*Bruno Cena Macedo
O conto Perdoando Deus (está presente no livro Felicidade Clandestina, lançado em 1971) da majestosa escritora ucraniana-brasileira Clarice Lispector, é sem dúvida uma das mais incríveis epifanias presentes em toda a sua obra. Onde o percurso provocativo ora misterioso e enigmático se revela em meio a banalidade de um simples passeio na orla de Copacabana.
Escrito sob um viés reflexivo e profundo, o texto possui um enfoque voltado à presunção que podemos analisar como uma relação entre o fiel e a divindade.
Clarice convida o leitor/leitora para uma espécie de submersão onde passa a estabelecer uma onda de questionamentos pós leitura, quanto a fé e a forma com que está se instaura no homem, se por pura crença obtida através de um contato natural e livre com a divindade (que é a forma de contato que a personagem usa) ou se por intermédio primordial das doutrinas religiosas racionalizantes.

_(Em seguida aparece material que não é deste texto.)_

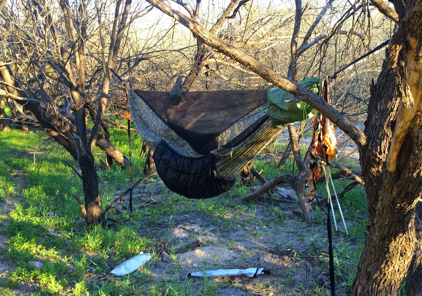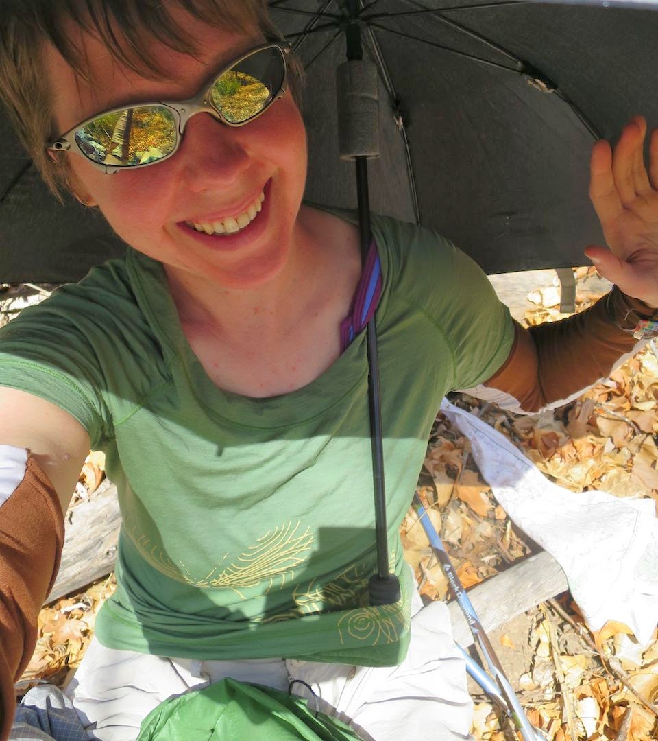 I also have a hands-free rigging method for when I’m not wearing the backpack. I use my bra strap and shirt bottom (folded over) as the two “attachment” points. It looks funny (especially with a purple bra), but it works when I can’t otherwise find a shady spot and want to have both hands free to eat.

Pelo fato de ser narrado em primeira pessoa e de a personagem vivenciar alguns momentos conflituosos e de puro barulho psicológico sendo depois estabelecido um diálogo silencioso, é ao leitor/leitora permitido “acesso direto” aos pensamentos da narradora/personagem em uma espécie de imersão contactual das vivencias e dos questionamentos ali expostos.
No início é possível deduzir que por mais que a personagem tenha seu desejo de ser mãe de Deus expressado abertamente, percebe-se que tenha sido levada pela distração quanto aos meios externos que a circunda.
Quando lemos o trecho “pouco a pouco é que fui percebendo que estava percebendo as coisas” entendemos perfeitamente que não se trata apenas de uma anáfora (repetição), mas de uma dedução lógica que pode ser percebida também por quem está lendo, pois quem narra estava sucumbida em pura intuição, descobrindo posteriormente que a percepção é que estava o tempo todo tentando se fazer presente.
O animal morto que causa repulsa, medo e nojo (caracterizado no conto por um rato ruivo) provocando uma reação de revolta e ira na personagem é um analogismo que funciona como ponte entre o objeto real – o rato – e a condição imaginativa da mulher como provável ocupante do lugar do rato. No trecho “a grosseria de Deus feria-me e insultava-me” nos aproxima de um entendimento mais preciso do onde se quer chegar o conto, podemos entender como uma interpretação de que a personagem entende o fato de ter pisado o rato morto como uma forma que Deus usou para a aproximar da realidade que a coloca como ser vulnerável e sujeito às intempéries naturais como a morte e o sofrimento.
Perdoando Deus nada mais é do que um efeito reverso onde se conclui um perdoando a personagem. Nota-se ainda que a presença de Deus decorre da livre percepção e não da imposição doutrinária. Se livrar da posição superior em relação ao rato é se livrar da posição superior (errônea e utópica) em relação a Deus.